§ **How to complete this task**
Could you return all of the records exactly, minus their images?

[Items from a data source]
# # # # #
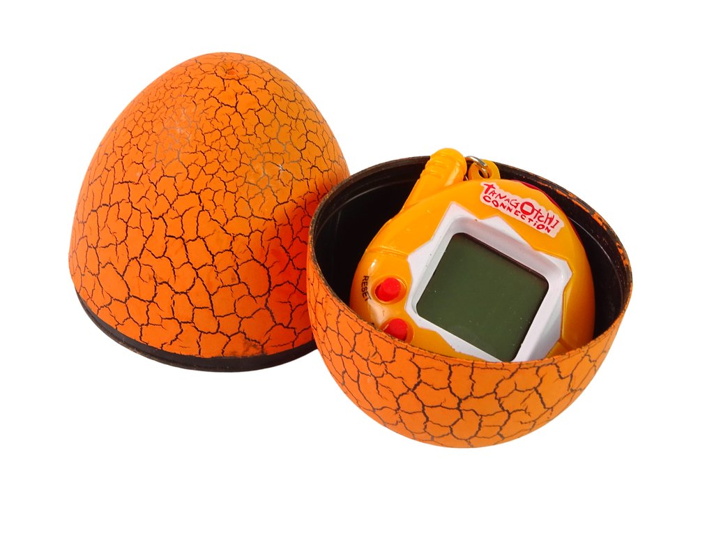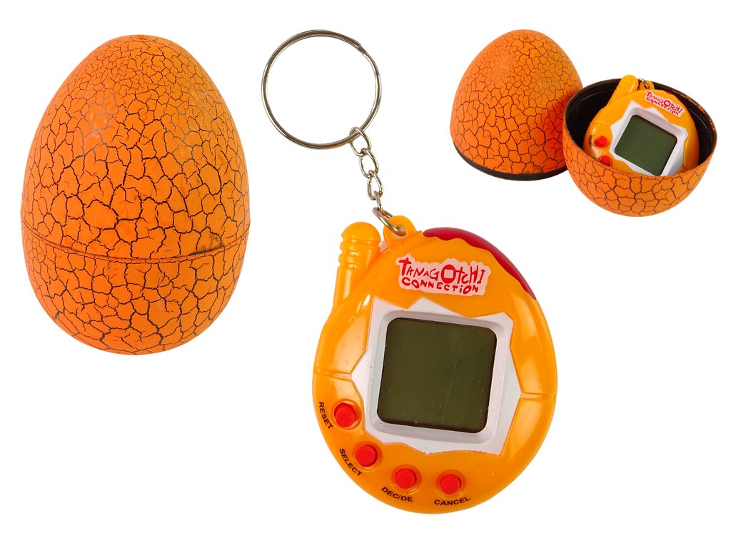 Poznámka: Tamagotchi se skrývá ve velkém oranžovém vajíčku a uvnitř je malý elektronický mazlíček, o kterého se budete starat!
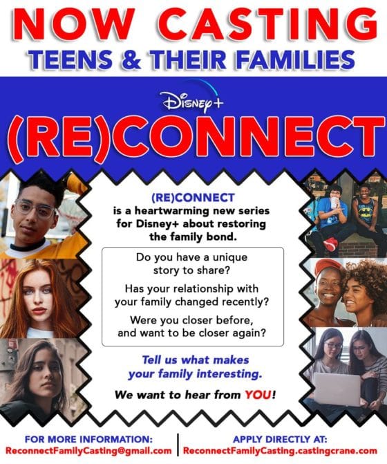 Casting will run into July, but obviously, the earlier a family submits their application the better. Families can request more information by emailing – ReconnectFamilyCasting@gmail. com. They can also apply directly at reconnectfamilycasting. castingcrane.com.
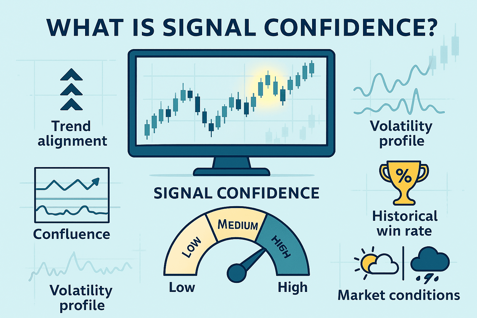 Signal confidence refers to how strong a signal is based on the factors that triggered it. At SignalsGrid, our algorithms assess signals using criteria like:
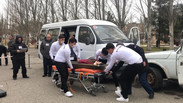 Третье конкурсное задание – интерактивная командная задача «Дорожно-транспортное происшествие». Этот этап проходил во дворе ДГМУ. В ходе этого этапа участникам необходимо было оказать первую помощь, сортировать больных, определять очередность оказания помощи.  Жюри олимпиады сформировано из представителей профессорско-преподавательского состава ДГМУ и представителей медицинских вузов РФ. Оценка конкурсных заданий осуществлялась в соответствии с утвержденными критериями. Победители и призеры олимпиады определялись по лучшим баллам выполнения конкурсных заданий.
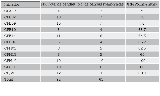 Los 11 marcadores generaron un patrón de amplificación claro y reproducible para cada aislamiento, con un total de 92 bandas reproducibles. De estas, 65 fueron polimórficas, para un 70,7 % de polimorfismo. Los iniciadores OPA-13, OPB-07, OPB-09, OPH-19 y OPJ-20 tuvieron 70 o más porciento de polimorfismo (Tabla 3), destacándose el OPH-19 con 100 % de polimorfismo.
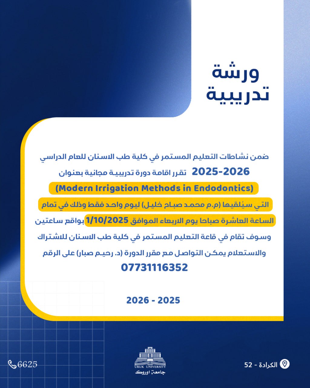 ضمن نشاطات التعليم المستمر في كلية طب الاسنان للعام الدراسي 2025-2026، تقرر اقامة دورة تدريبية مجانية بعنوان
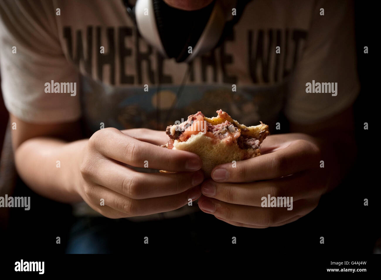 A person is holding a sandwich with both hands, wearing a shirt with the text 'WHERE THE WIT' on it. The person is also wearing headphones around their neck. | 19 year-old Miles Bowe eats a hamburger at Louis' Lunch in New Haven, CT, USA, 26 May 2009. Stock Photo | 7d22f518cc705c8ab9f9c0b5e159df3e50141a4ef32478e5e22980a044de2fbc | 001065742232 | 0 | 0 | 29 | 20 | 0 | 0 | |
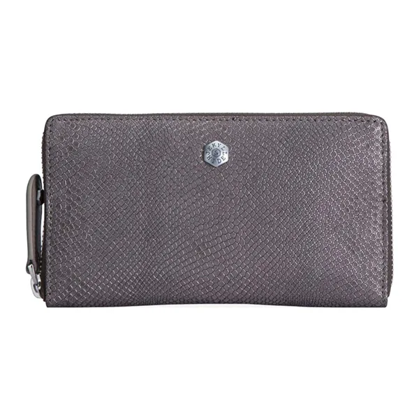 Design: Kaartvakjes, Muntenvakje, Schijnvak, Zichtvak, Allround rits, Vak voor mobiele telefoon, Ritsvak binnen; Materiaal: Glad leer; Extra's: Label plaatje, Reliëf structuur, Op staal naden, Stevige stof
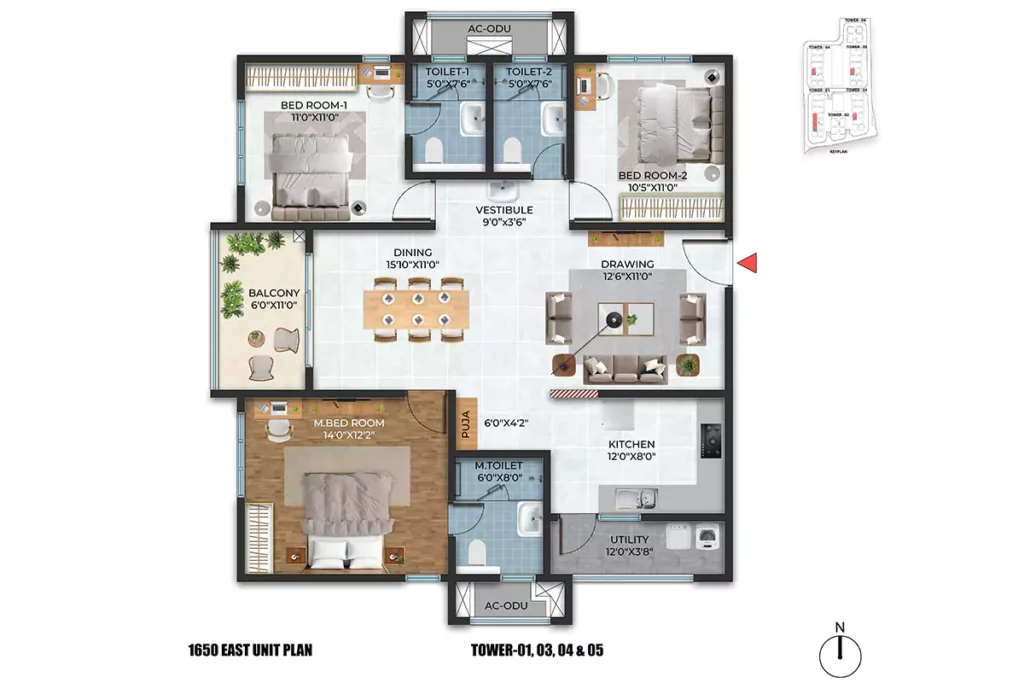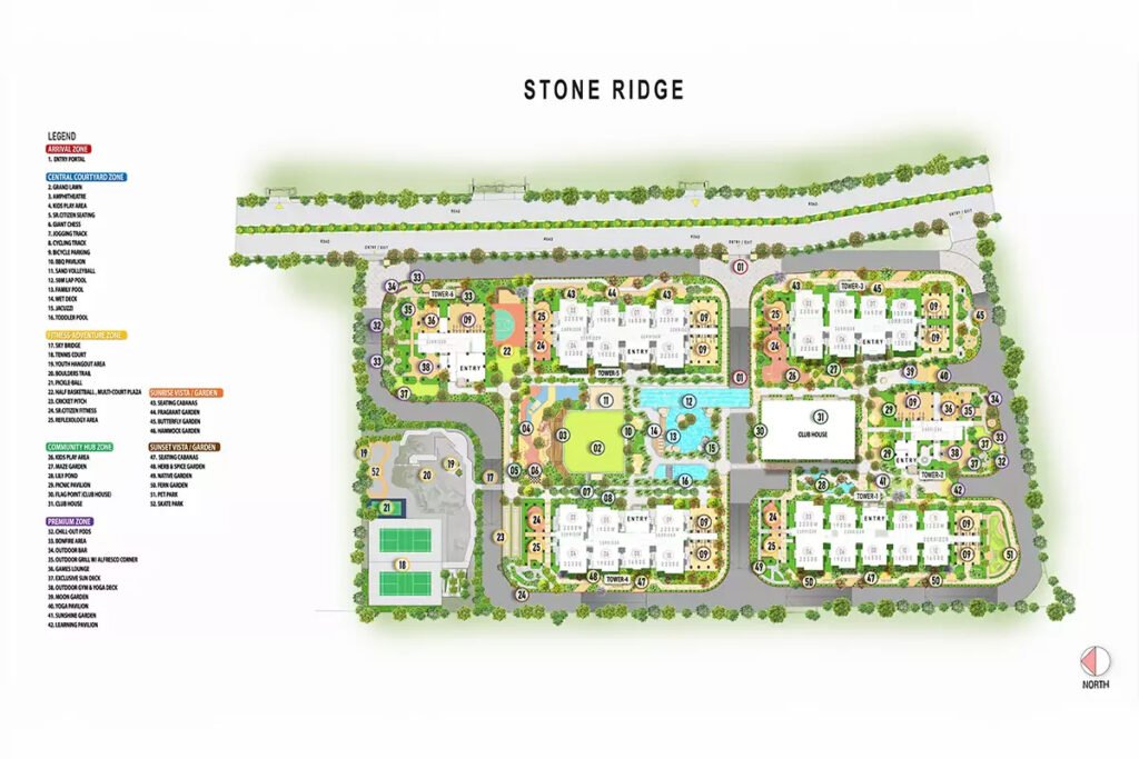 Spread across 12.33 acres with six majestic towers, Stone Ridge is a premium gated community that blends contemporary architecture with preserved natural terrain. Offering Luxury 3 & 4 BHK flats for sale in HITEC City, the project features 70% open spaces, themed gardens, and a vehicle-free podium. Every home is thoughtfully designed to provide scenic views, excellent cross-ventilation, and an elevated lifestyle, just minutes away from HITEC City, the Metro, and MMTS.
# # # # #
§ **Reply to the exercise**
 Poznámka: Tamagotchi se skrývá ve velkém oranžovém vajíčku a uvnitř je malý elektronický mazlíček, o kterého se budete starat!
 Casting will run into July, but obviously, the earlier a family submits their application the better. Families can request more information by emailing – ReconnectFamilyCasting@gmail. com. They can also apply directly at reconnectfamilycasting. castingcrane.com.
 Signal confidence refers to how strong a signal is based on the factors that triggered it. At SignalsGrid, our algorithms assess signals using criteria like:
 Третье конкурсное задание – интерактивная командная задача «Дорожно-транспортное происшествие». Этот этап проходил во дворе ДГМУ. В ходе этого этапа участникам необходимо было оказать первую помощь, сортировать больных, определять очередность оказания помощи.  Жюри олимпиады сформировано из представителей профессорско-преподавательского состава ДГМУ и представителей медицинских вузов РФ. Оценка конкурсных заданий осуществлялась в соответствии с утвержденными критериями. Победители и призеры олимпиады определялись по лучшим баллам выполнения конкурсных заданий.
 Los 11 marcadores generaron un patrón de amplificación claro y reproducible para cada aislamiento, con un total de 92 bandas reproducibles. De estas, 65 fueron polimórficas, para un 70,7 % de polimorfismo. Los iniciadores OPA-13, OPB-07, OPB-09, OPH-19 y OPJ-20 tuvieron 70 o más porciento de polimorfismo (Tabla 3), destacándose el OPH-19 con 100 % de polimorfismo.
 ضمن نشاطات التعليم المستمر في كلية طب الاسنان للعام الدراسي 2025-2026، تقرر اقامة دورة تدريبية مجانية بعنوان
 A person is holding a sandwich with both hands, wearing a shirt with the text 'WHERE THE WIT' on it. The person is also wearing headphones around their neck. | 19 year-old Miles Bowe eats a hamburger at Louis' Lunch in New Haven, CT, USA, 26 May 2009. Stock Photo | 7d22f518cc705c8ab9f9c0b5e159df3e50141a4ef32478e5e22980a044de2fbc | 001065742232 | 0 | 0 | 29 | 20 | 0 | 0 | |
 Design: Kaartvakjes, Muntenvakje, Schijnvak, Zichtvak, Allround rits, Vak voor mobiele telefoon, Ritsvak binnen; Materiaal: Glad leer; Extra's: Label plaatje, Reliëf structuur, Op staal naden, Stevige stof
 Spread across 12.33 acres with six majestic towers, Stone Ridge is a premium gated community that blends contemporary architecture with preserved natural terrain. Offering Luxury 3 & 4 BHK flats for sale in HITEC City, the project features 70% open spaces, themed gardens, and a vehicle-free podium. Every home is thoughtfully designed to provide scenic views, excellent cross-ventilation, and an elevated lifestyle, just minutes away from HITEC City, the Metro, and MMTS.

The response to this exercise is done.